⟨

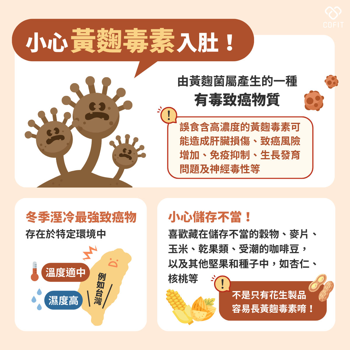 這些致癌物都有可能不小心被我們吃下肚,接下來要來特別聊聊『黃麴毒素』的危害,以及它可能存在的地方,還有我們可以怎麼預防。
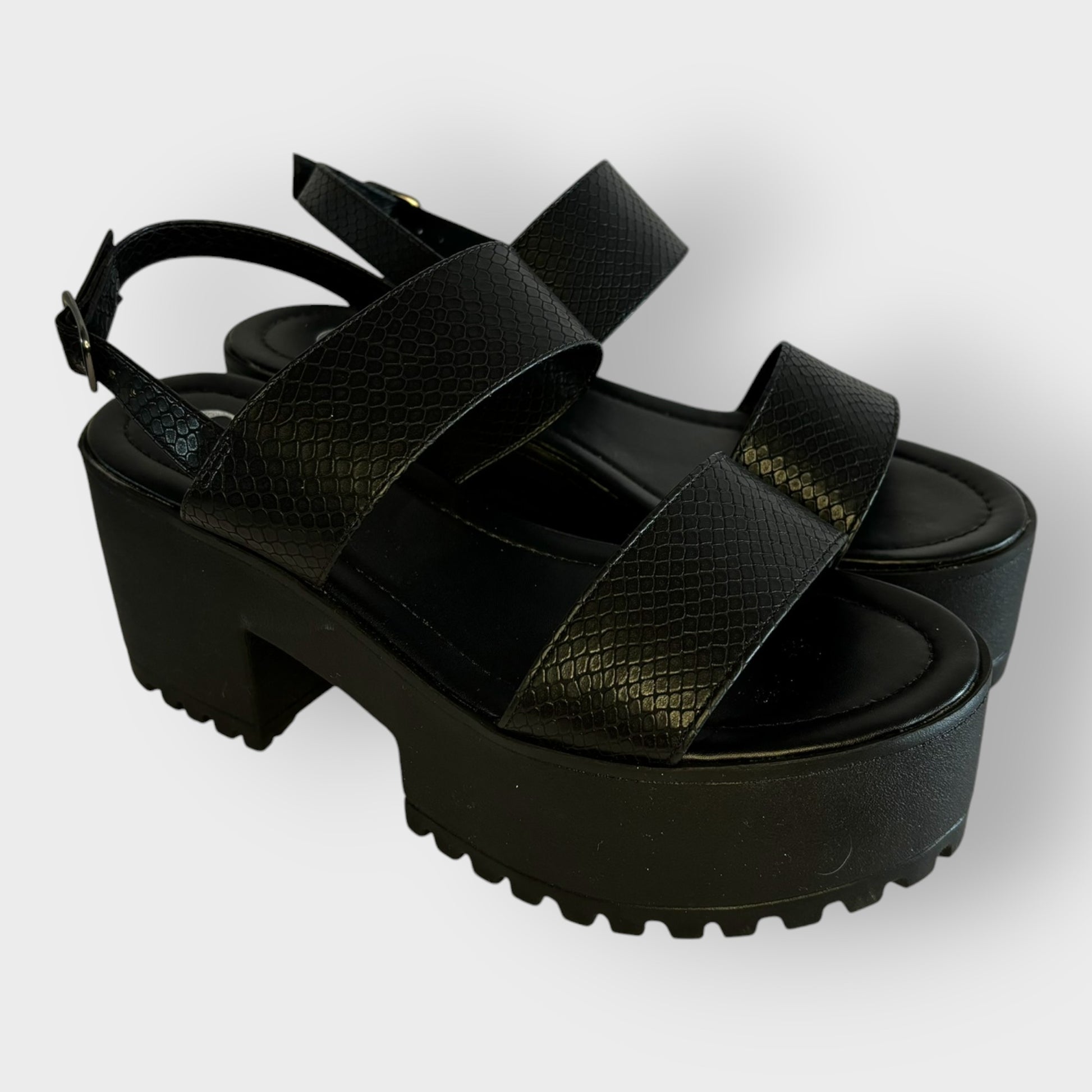 Estas modernas y elegantes sandalias plataforma ofrecen un diseño robusto y sofisticado, ideal para quienes buscan comodidad y estilo en un solo calzado. Disponibles en dos versiones: un atrevido estampado tipo serpiente en tonos dorados y negros, y una opción clásica en color negro liso con acabado texturizado. Ambas versiones cuentan con una plataforma gruesa de goma negra antideslizante que proporciona estabilidad y eleva tu look al siguiente nivel.
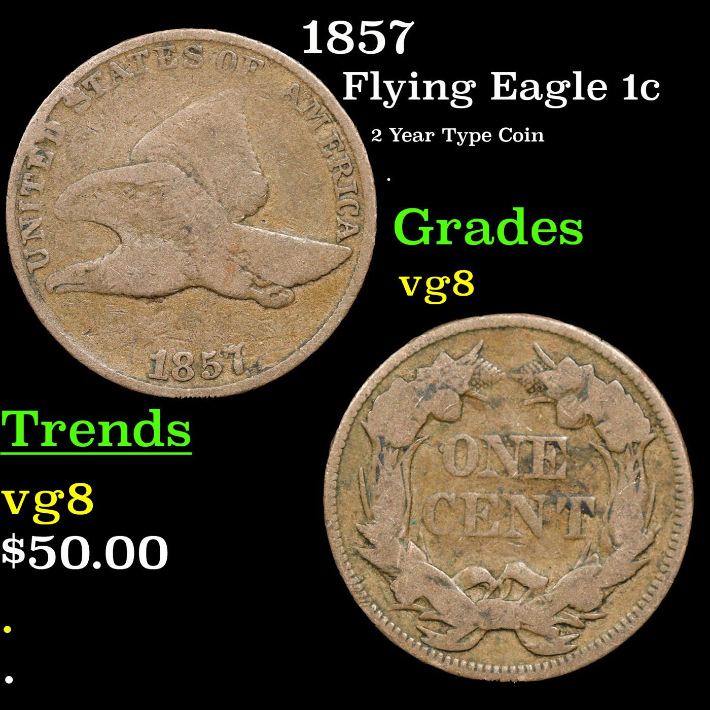 1857 Flying Eagle Cent 1c Grades vg, very good.
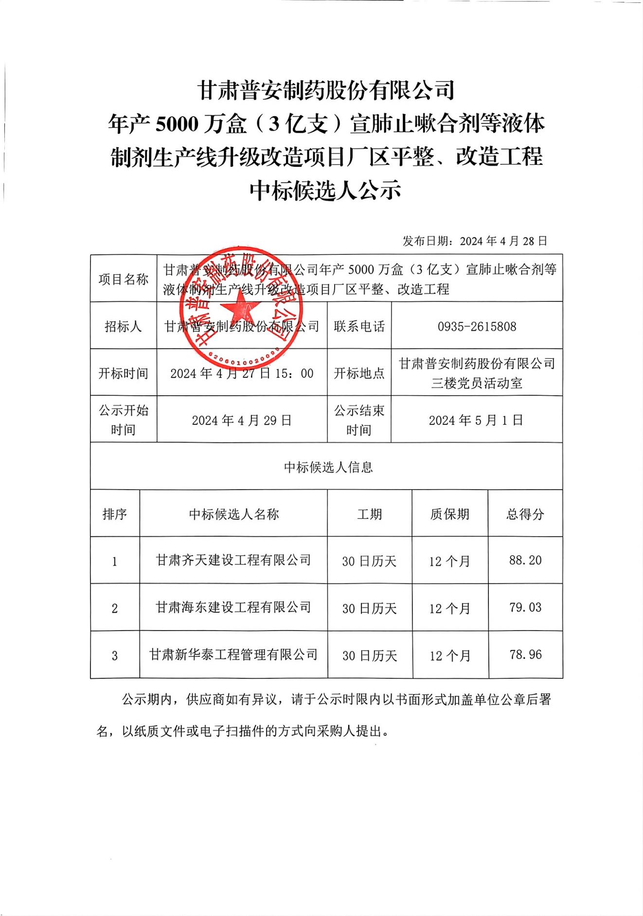 甘肅普安制藥股份有限公司年產(chǎn)5000萬(wàn)盒(3億支)宣肺止嗽合劑等液體制劑生產(chǎn)線(xiàn)升級(jí)改造項(xiàng)目廠(chǎng)區(qū)平整、改造工程中標(biāo)候選人公示
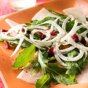 Fänkålscarpaccio med fårost och tranbär
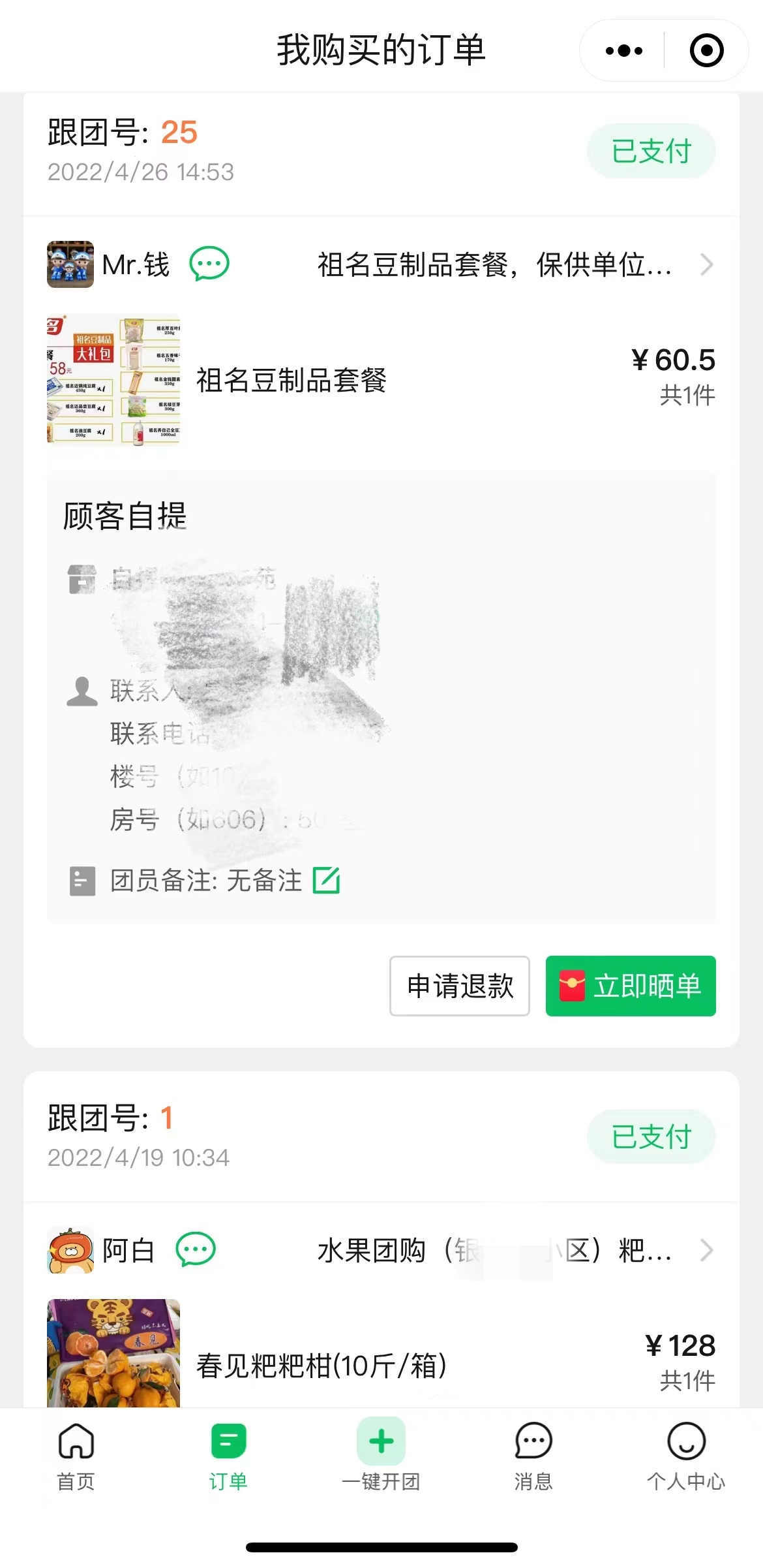隨著物資的逐漸消耗,我也開始跟團、接龍,相繼購買了蘋果、雞蛋、豬肉、豆制品、耙耙柑、蔬菜包甚至小蛋糕,并隨時關注團長們的動態。這期間,我們一家依然足不出戶,嚴格執行7天健康監測管理。
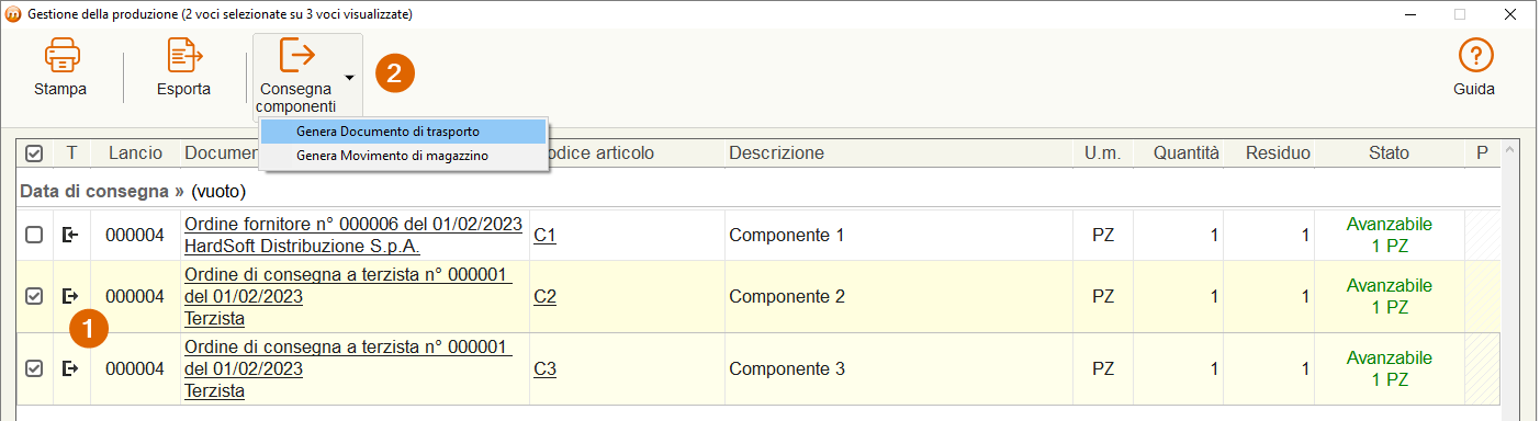 Disponibili i componenti C2 e C3 sarà, possibile inviarli al terzista. La procedura genera un D.D.T. di scarico che evade l’ordine di consegna a terzista: gli articoli vengono scaricati dal magazzino interno e caricati sul magazzino terzista.
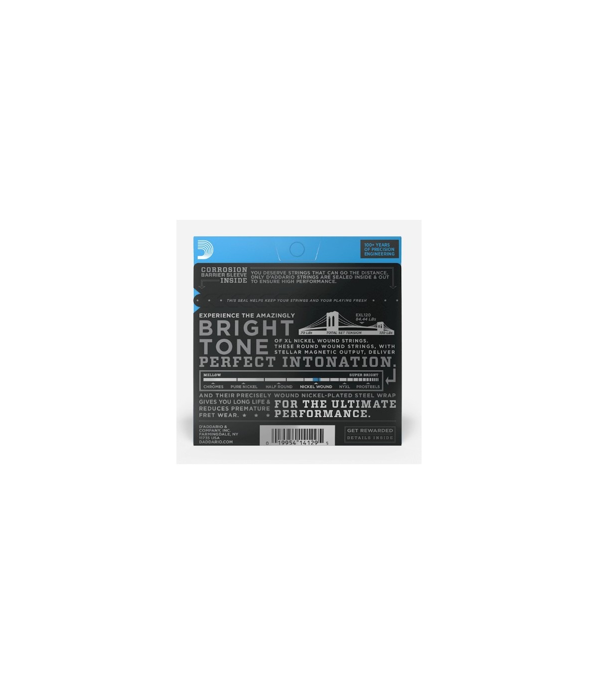 Le XL avvolte in nickel, probabilmente le corde D'Addario per chitarra elettrica più famose di sempre, sono avvolte con precisione utilizzando acciaio al nickel intorno a un'anima esagonale in acciaio con elevata percentuale di carbonio. Il risultato è una corda dalla durata prolungata, timbro brillante e un'eccellente vibrazione, che la rende la scelta ideale per una vasta gamma di chitarre e stili musicali
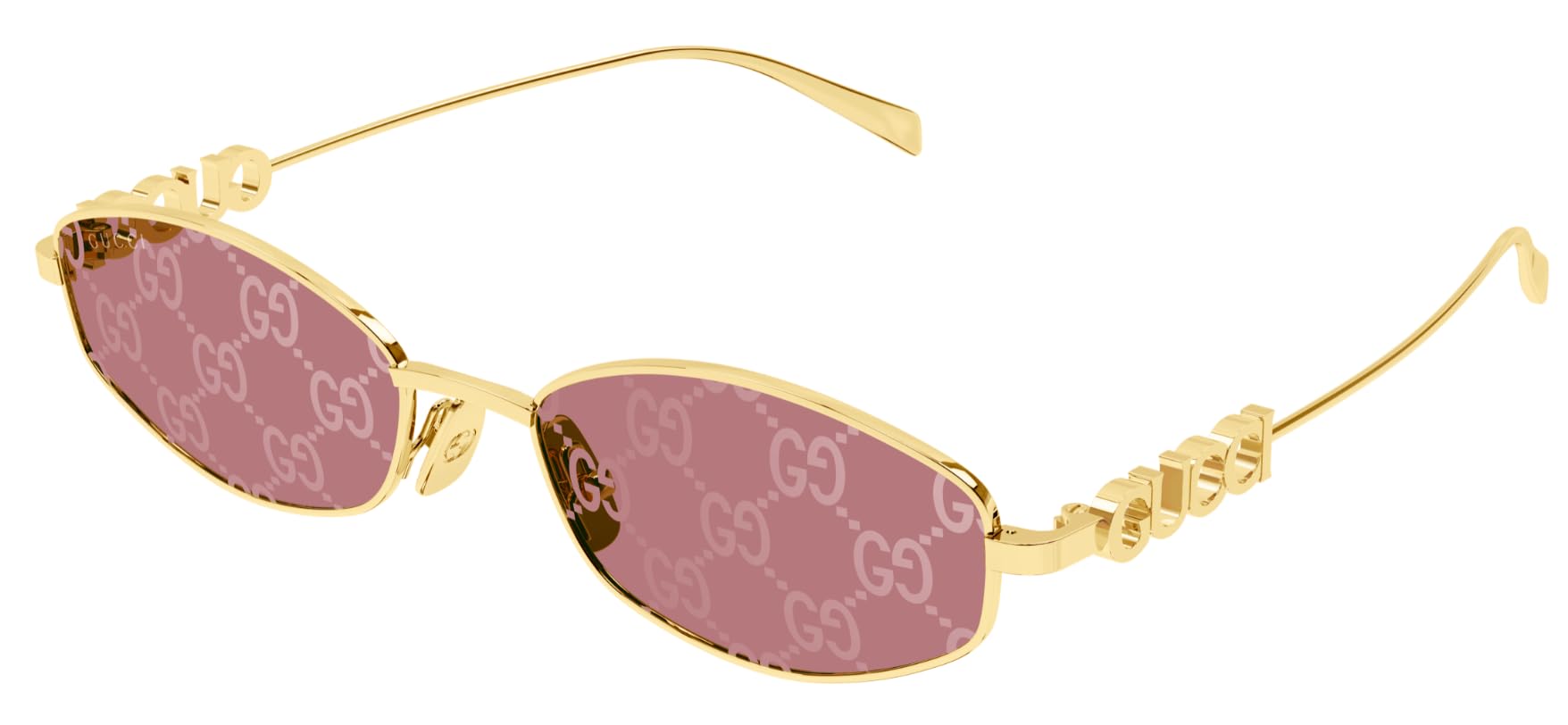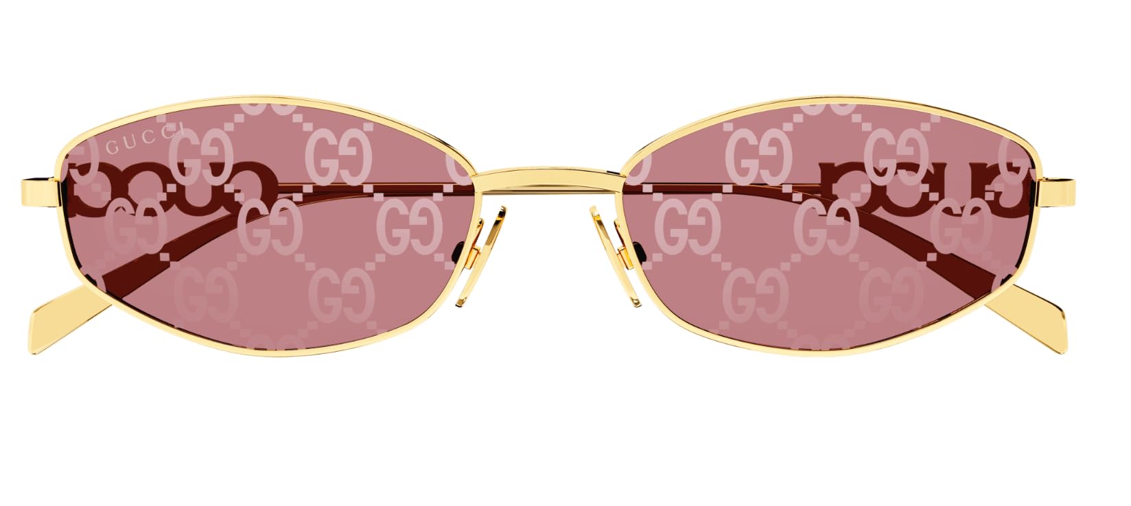 La montatura in metallo dorato impreziosita dal logo “GG” sulle aste valorizza ogni volto con un tocco di lusso discreto, mentre la forma panthos/oval conferisce stile senza tempo. Le lenti rosse / rubino con protezione categoria 3 offrono comfort visivo ottimale e schermatura efficace dai raggi UV.
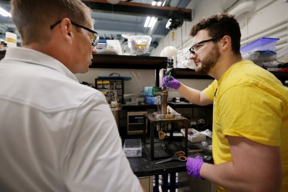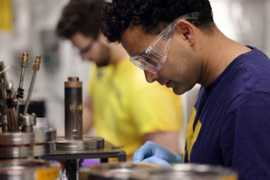 Kevin Field, professor of nuclear engineering and radiological sciences, and Ethan Polselli, a doctoral student in the same department, work together in the Michigan Ion Beam Laboratory where the dual ion beam tests were conducted. Credit: Brenda Ahearn, Michigan Engineering.
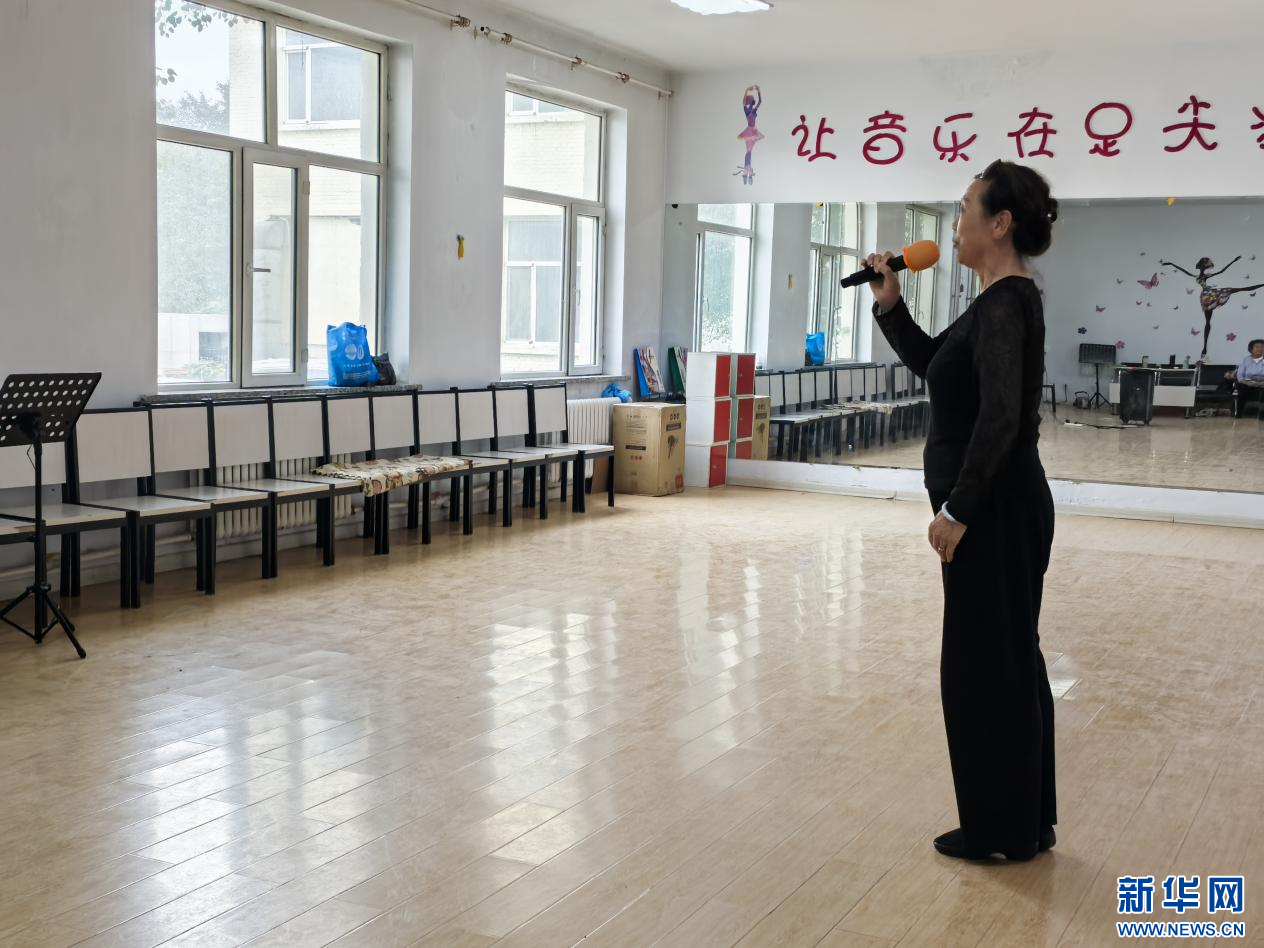 9月11日,一位老人在乌兰察布市集宁区桥西街道综合养老服务中心排练节目。新华网郝芳芳 摄

⟩

* Exercise aim: Pictures are not part of the copy; output everything else in the records exactly.

* Answer to this problem:
 這些致癌物都有可能不小心被我們吃下肚,接下來要來特別聊聊『黃麴毒素』的危害,以及它可能存在的地方,還有我們可以怎麼預防。
 Estas modernas y elegantes sandalias plataforma ofrecen un diseño robusto y sofisticado, ideal para quienes buscan comodidad y estilo en un solo calzado. Disponibles en dos versiones: un atrevido estampado tipo serpiente en tonos dorados y negros, y una opción clásica en color negro liso con acabado texturizado. Ambas versiones cuentan con una plataforma gruesa de goma negra antideslizante que proporciona estabilidad y eleva tu look al siguiente nivel.
 1857 Flying Eagle Cent 1c Grades vg, very good.
 甘肅普安制藥股份有限公司年產(chǎn)5000萬(wàn)盒(3億支)宣肺止嗽合劑等液體制劑生產(chǎn)線(xiàn)升級(jí)改造項(xiàng)目廠(chǎng)區(qū)平整、改造工程中標(biāo)候選人公示
 Fänkålscarpaccio med fårost och tranbär
隨著物資的逐漸消耗,我也開始跟團、接龍,相繼購買了蘋果、雞蛋、豬肉、豆制品、耙耙柑、蔬菜包甚至小蛋糕,并隨時關注團長們的動態。這期間,我們一家依然足不出戶,嚴格執行7天健康監測管理。
 Disponibili i componenti C2 e C3 sarà, possibile inviarli al terzista. La procedura genera un D.D.T. di scarico che evade l’ordine di consegna a terzista: gli articoli vengono scaricati dal magazzino interno e caricati sul magazzino terzista.
 Le XL avvolte in nickel, probabilmente le corde D'Addario per chitarra elettrica più famose di sempre, sono avvolte con precisione utilizzando acciaio al nickel intorno a un'anima esagonale in acciaio con elevata percentuale di carbonio. Il risultato è una corda dalla durata prolungata, timbro brillante e un'eccellente vibrazione, che la rende la scelta ideale per una vasta gamma di chitarre e stili musicali
 La montatura in metallo dorato impreziosita dal logo “GG” sulle aste valorizza ogni volto con un tocco di lusso discreto, mentre la forma panthos/oval conferisce stile senza tempo. Le lenti rosse / rubino con protezione categoria 3 offrono comfort visivo ottimale e schermatura efficace dai raggi UV.
 Kevin Field, professor of nuclear engineering and radiological sciences, and Ethan Polselli, a doctoral student in the same department, work together in the Michigan Ion Beam Laboratory where the dual ion beam tests were conducted. Credit: Brenda Ahearn, Michigan Engineering.
 9月11日,一位老人在乌兰察布市集宁区桥西街道综合养老服务中心排练节目。新华网郝芳芳 摄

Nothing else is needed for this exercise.